Oil and gas reserves and resource quantification
Flaring a flow test marks the first outward sign of a new oil or gas discovery. This moment can trigger a complex process to determine if the find qualifies for reserves assessment. The industry relies on detailed classification schemes to quantify volumes accumulated underground. These schemes allow management and investors to make quantitative comparisons between assets before underwriting significant costs. Public companies registering securities in the U.S. market must report proved reserves under Securities and Exchange Commission requirements. The 2018 petroleum resources management system provides a consistent approach to estimating quantities within a comprehensive framework. This system was jointly developed by the Society of Petroleum Engineers, the World Petroleum Council, and several other geological societies. It summarizes how to estimate oil and gas quantities while complying with reporting requirements for listed companies.
Proven reserves are discovered volumes claimed to have reasonable certainty of being recoverable under existing economic conditions. Industry specialists refer to this category as P90, meaning there is a 90% certainty of producing that volume. Proven reserves may be referred to as proven developed or proven undeveloped depending on the required investment. Companies listed on U.S. stock exchanges could verify their claims confidentially until January 2010 when rules changed. Since then, the SEC allows companies to provide additional optional information declaring 2P and 3P estimates. Probable additional reserves are attributed to known accumulations with a probability of at least 50%. Possible additional reserves carry a lower chance of recovery due to varying interpretations of geology. The probabilistic sum of proven, probable, and possible reserves is referred to in the industry as 3P where there is a 10% chance of delivering or exceeding the P10 volume.

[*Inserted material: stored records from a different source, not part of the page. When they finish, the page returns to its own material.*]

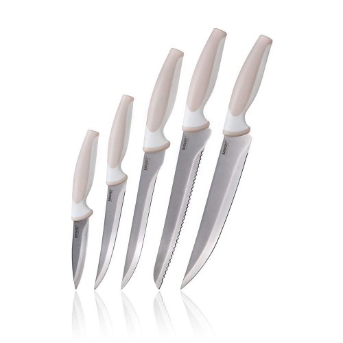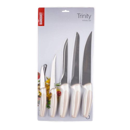5 dílná sada TRINITY obsahuje praktický nůž 18,5 a 23,5 cm, porcovací nůž 32 cm, vykošťovací nůž 30 cm a nůž na chléb 32 cm. Ocelové nože patří mezi nepostradatelné pomocníky v každé kuchyni. Výběr vhodného nože nám usnadní krájení či porcování potravin.
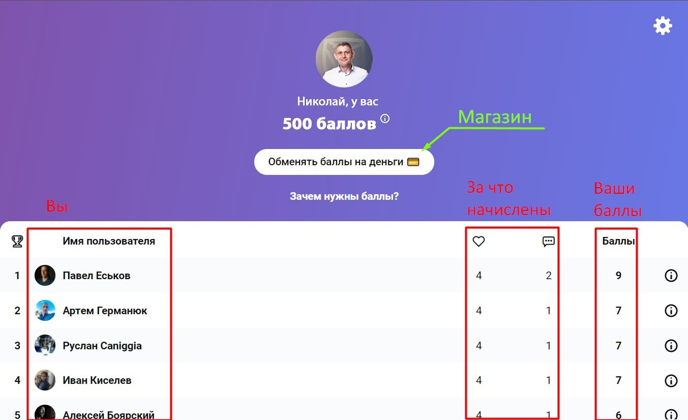 3) Баллы обновляются раз в 5 минут, поэтому вы можете не увидеть их прибавки сразу после проявления активности (проверьте чуть позже)
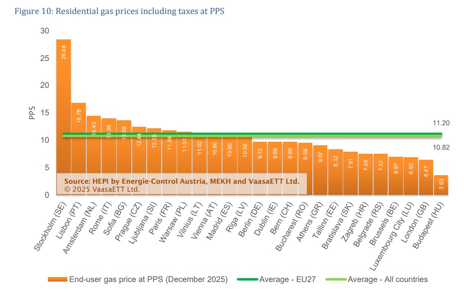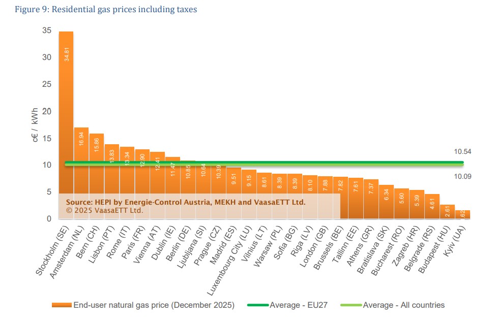 Τα στοιχεία που δημοσίευσε το HEPI για τον Δεκέμβριο δείχνουν πως η Ελλάδα βρίσκεται χαμηλά μεταξύ των ευρωπαϊκών κρατών όσον αφορά τις τιμές φυσικού αερίου που πληρώνουν τα νοικοκυριά της. Ειδικότερα, βρίσκεται στην 21η θέση, από τα 27 κράτη που εξετάστηκαν, με τιμή 7,37 λεπτά ανά κιλοβατώρα, κάτω από τον μέσο όρο της ΕΕ που βρίσκεται στα 10,54 λεπτά ανά κιλοβατώρα. Αν συνυπολογιστεί και η αγοραστική δύναμη των κατοίκων, οι τιμές που πληρώνουν τα ελληνικά νοικοκυριά φτάνουν στα 9,07 λεπτά ανά κιλοβατώρα και η χώρα μας ανεβαίνει στην 18η θέση. Μακράν τις πιο ακριβές τιμές φυσικού αερίου στην Ευρώπη πληρώνουν τα νοικοκυριά της Σουηδίας.

The total estimated quantity contained in a subsurface reservoir is called oil initially in place. Only a fraction of this can be brought to the surface and considered recoverable. Three main categories of technique determine resource estimation based on maturity levels. Analog methods involve identifying areas containing producing assets that are geologically similar to those being estimated. Volumetric calculations use equations involving gross rock volume, porosity, and saturation factors. Performance-based methods utilize production rates and pressure data once production has commenced. Reservoir simulation uses computer models to predict fluid flow through porous media. Daily production can be matched against forecasts to establish model accuracy. These techniques must be compared with previous estimates before reserves can be adjusted and booked.

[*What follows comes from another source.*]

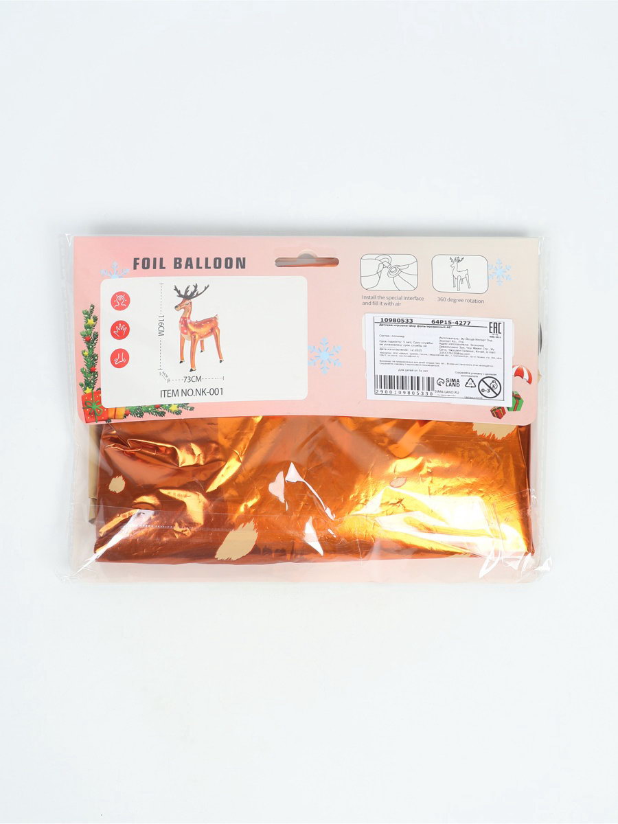 Размер упаковки: 16.5 x 2 x 22 см. tnved: 9503010000 Тематика рисунка: Новый год Надувка шара: Воздухом Вид шара: Фигура Цвет: Коричневый Диаметр, дюйм: 46 Адресат: Без адресата Рисунок: Да Оттенок: Глянец Набор: Нет Наличие клапана: Да Индивидуальная упаковка: Да Персонажи: Олень | ||

Reserves reporting of discovered accumulations is regulated by tight controls for informed investment decisions. Accounting processes are governed by strict definitions administered by authorities regulating the stock market. Publicly traded companies require external reporting of resources and reserves to comply with governmental legal requirements. The Securities and Exchange Commission mandates specific disclosure rules for U.S. listed entities. Energy companies may employ independent reserve valuation consultants to provide third-party reports as part of SEC filings. Other national or industry bodies may voluntarily report resources but are not required to follow the same strict definitions. Many governments do not disclose verifying data publicly even when they possess it. Some national oil companies provide unaudited claims for their oil reserves instead of revealing engineering field data.
Experience shows that initial estimates of newly discovered oil fields are usually too low. As years pass, successive estimates of ultimate recovery tend to increase over time. This typical increase in estimated volume is known as reserve growth. The numbers disclosed by some national governments are suspected of being manipulated for political reasons. International goals for decarbonisation led the International Energy Agency to state in 2021 that countries should no longer expand exploration. Countries must stop investing in projects to expand reserves to meet climate goals set by the Paris Agreement. Initial estimates grow because more data becomes available during development. Improved matching between predicted and actual production performance also drives these increases.

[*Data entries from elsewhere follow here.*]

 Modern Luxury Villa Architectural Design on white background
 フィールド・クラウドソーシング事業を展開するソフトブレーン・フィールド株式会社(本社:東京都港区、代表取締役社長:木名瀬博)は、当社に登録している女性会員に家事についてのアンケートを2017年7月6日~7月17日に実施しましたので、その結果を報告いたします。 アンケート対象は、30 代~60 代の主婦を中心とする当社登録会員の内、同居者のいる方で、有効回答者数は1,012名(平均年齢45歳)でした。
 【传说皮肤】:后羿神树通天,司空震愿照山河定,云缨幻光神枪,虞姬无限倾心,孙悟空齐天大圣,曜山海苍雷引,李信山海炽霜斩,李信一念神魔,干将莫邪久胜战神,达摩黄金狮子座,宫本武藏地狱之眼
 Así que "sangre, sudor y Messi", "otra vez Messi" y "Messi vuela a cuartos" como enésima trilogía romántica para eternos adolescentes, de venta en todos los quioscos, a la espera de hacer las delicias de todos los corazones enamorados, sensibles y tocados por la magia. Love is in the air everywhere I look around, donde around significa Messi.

Oil or gas in unconventional reservoirs are much more tightly bound to rock matrices than conventional accumulations. These deposits require different approaches to both extraction and resource estimation. Categories include coalbed methane, basin-centered gas, tight gas, shale oil, natural bitumen, and oil shale. Ultra-low permeability reservoirs exhibit a half slope on flow-rate plots believed caused by drainage from matrix surfaces. Commercial viability depends entirely on the technology applied to extraction. Pilot projects may be needed to define reserves under these circumstances. Any other resource estimates are likely to be analog-only derived volumes which remain speculative. Non-unique flow characteristics mean that commercial viability depends on nearby producing analogs with evidence of economic viability.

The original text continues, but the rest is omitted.